But there’s potentially some bigger meaning to Rubin’s middle-aged burst of social consciousness. If Rubin and Kraft—who also visited Mill in prison and who spoke to Mill by phone about the rapper’s plight while he and Rubin vacationed in the South of France—together can stimulate the business class, it could widen the constituency for reform beyond the already converted. After all, if Mill and Rubin are right that there are two nations when it comes to justice in America, that no doubt is owing to the voicelessness of those at its mercy. But, to further the strange bedfellows theme of this story, if the donor class suddenly aligns with the underclass, perhaps that will attract the attention of policymakers.

Rubin’s success owes mostly to indomitable will, but also to seeing opportunity for improvement where others don’t. Every business he’s bought has been fueled by the idea that We can do it better. How many African American kids caught up in the system who aren’t famous rappers might benefit from some outside force agitating for just that kind of solutions-based emphasis applied to the wild west that is our criminal justice system?

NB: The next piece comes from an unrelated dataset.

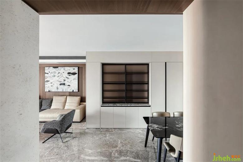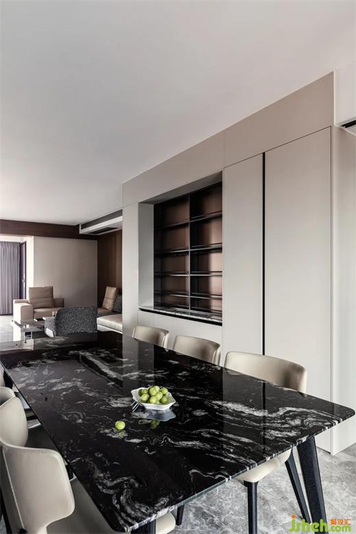 黑色大理石桌面,极简主义汲取灵感,华润幸福里公寓设计将艺术审美暗藏于内,灵动色彩、高雅气质,点缀精致每一餐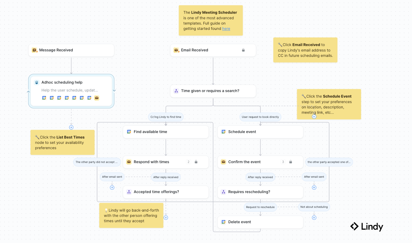 For example, they might give priority to high-stakes meetings or recurring work blocks. Some tools even allow customization for scheduling logic. Advanced tools like Lindy use multi-agent AI to handle complex workflows like call prep, document review, and automated follow-ups.

Of course, Rubin runs the risk of culturally deifying Mill, which could lead to backlash. To be clear: As I’ve written before, not only isn’t Meek Mill Nelson Mandela—as the author of rhymes like If you ain’t about that murder game then pussy nigga shut up/if you diss me in yo’ raps, I’ll get your pussy ass stuck up—his art to date doesn’t approach that of Pulitzer Prize-winning rapper Kendrick Lamar in terms of either literary heft or social consciousness.

But here’s hoping that’s about to change, too. Last month, at the BET Awards, Mill debuted his new song, Stay Woke, and it comments on, rather than glorifies, life on the street: It’s amazin’, this environment we was raised in/ On them papers, one mistake and I’m gettin’ caged in/ You get feel me, feel like the system tryna kill me…

Maybe Mill, a symbol now of a system in desperate need of repair, is, like his billionaire friend, in a stunning state of becoming. Maybe they’re both waking up.

If Rubin and Kraft together can stimulate the business class, it could widen the constituency for reform beyond the already converted. If the donor class suddenly aligns with the underclass, perhaps that will attract the attention of policymakers.

Clearly, Rubin is evolving. Last week, the New York media had a field day reporting that he’d closed on the most expensive penthouse ever sold downtown in New York City—$43 million, complete with a 5,000-square foot roof terrace with a private pool.

But, in person just days later, it’s not his newest plaything that brings him to life; it’s his newfound passion—for the first time in his life—for justice. He’s fixated on talking about his relationship with a 31-year-old rap star who, as Rubin points out, was arrested at 18 and has spent the last 13 years in the system. “People have said to me, man, Meek is so lucky to have you as his close friend,” Rubin says. “I’m like, man, I’m the one who’s lucky to have him as a close friend.”

He pauses, and fixes me with one of those powerful, determined stares that no doubt makes business opponents cower, but what comes out next is introspective—not bombastic. “Look how much I’ve learned from Meek,” Michael Rubin says. “Look how much he has opened my eyes to shit I didn’t understand before. How lucky am I?”